# 37 Gallon African Stocking (Lake Malawi)



## Chubbs the Jellybean (Jun 16, 2009)

I have a 6-7" featherfin synodontis catfish that doesn't bother
much, he's the sole survivor of an ick outbreak that killed
everything I had.

I'm looking for African Cichlids, I've narrowed it down to Lake Malawi I think, but if you have a better suggestion that's fine too. I'm going to be getting some cichlid stones to replace the pot in the center of the tank (see picture below). Also any suggestions on raising the pH without using chemicals would be GREATLY appreciated.

And one last random thing, at my LFS they have their Malawi cichlids, and in with them (and he has been for 3 months) is a 3" bucktooth tetra. I know the reputation and typical behavior of these guys, but this one seems to think he's an african cichlid and schools with them. Would there be a possibility of this behavior continuing in my tank?

Thanks all!

Here's a pic of the tank

http://www.facebook.com/photo.php?pid=3 ... d=46604130


----------



## DJRansome (Oct 29, 2005)

What are the dimensions of the tank? I have a 38G that is 36" long which is not a great tank for Malawi. A single species of dwarf mbuna like cynotilapia afra cobue would work.


----------



## Chubbs the Jellybean (Jun 16, 2009)

30x12x22

I was looking at maybe red zebras, yellow labs, and maybe some sort of peacock, only 6 total for the tank though


----------



## nauTik (Mar 18, 2009)

Chubbs the Jellybean said:


> 30x12x22
> 
> I was looking at maybe red zebras, yellow labs, and maybe some sort of peacock, only 6 total for the tank though


You're going to need a longer tank for peacocks. I probably wouldn't keep labs or zebra in this size tank either. 48" length give you a LOT more options in a tank.

You'd have better luck stocking tangs in a tank this size. You could also probably get away with a small group of dwarf mbuna, 1m 3-4 female.


----------



## Chubbs the Jellybean (Jun 16, 2009)

Sorry, I've been trying to do as much research possible b/c my experience is in SA/CA, and I think I'd like either a small community of Yellow Labs, or something like this...

Yellow lab
Red Zebra
Perlmutt

Do those work? If not does the idea of yellow labs only work?
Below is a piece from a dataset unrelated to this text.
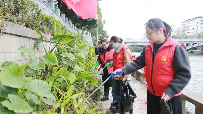 活动中,党员们手持垃圾夹、垃圾袋、扫帚等工具,沿着漓江步道对河岸绿化带、排水沟、观景平台等区域的塑料瓶、烟头、废弃杂物等各类生活垃圾进行“拉网式”清理,不放过任何一个卫生死角。初春的漓江两岸春意盎然,身着红色志愿服的党员志愿者们忙碌的身影,成为江畔一道靓丽的风景线。

Sorry I'm trying to research because I don't want to make a mistake and mis-stock

Thank you all for being understanding!


----------



## nauTik (Mar 18, 2009)

Chubbs the Jellybean said:


> Sorry, I've been trying to do as much research possible b/c my experience is in SA/CA, and I think I'd like either a small community of Yellow Labs, or something like this...
> 
> Yellow lab
> Red Zebra
> ...


No need to apologize, it's good to see you're doing your research before you buy :thumb: I'm going through the same sort of thing trying to decide between CA/SA and tang for my next tank 

With a smaller tank like this I'd stick to one species, probably a dwarf species (4 inches and under). You could possibly try a small group of labs, but they do get to be 6+ inches which can get a little big for a tank that size.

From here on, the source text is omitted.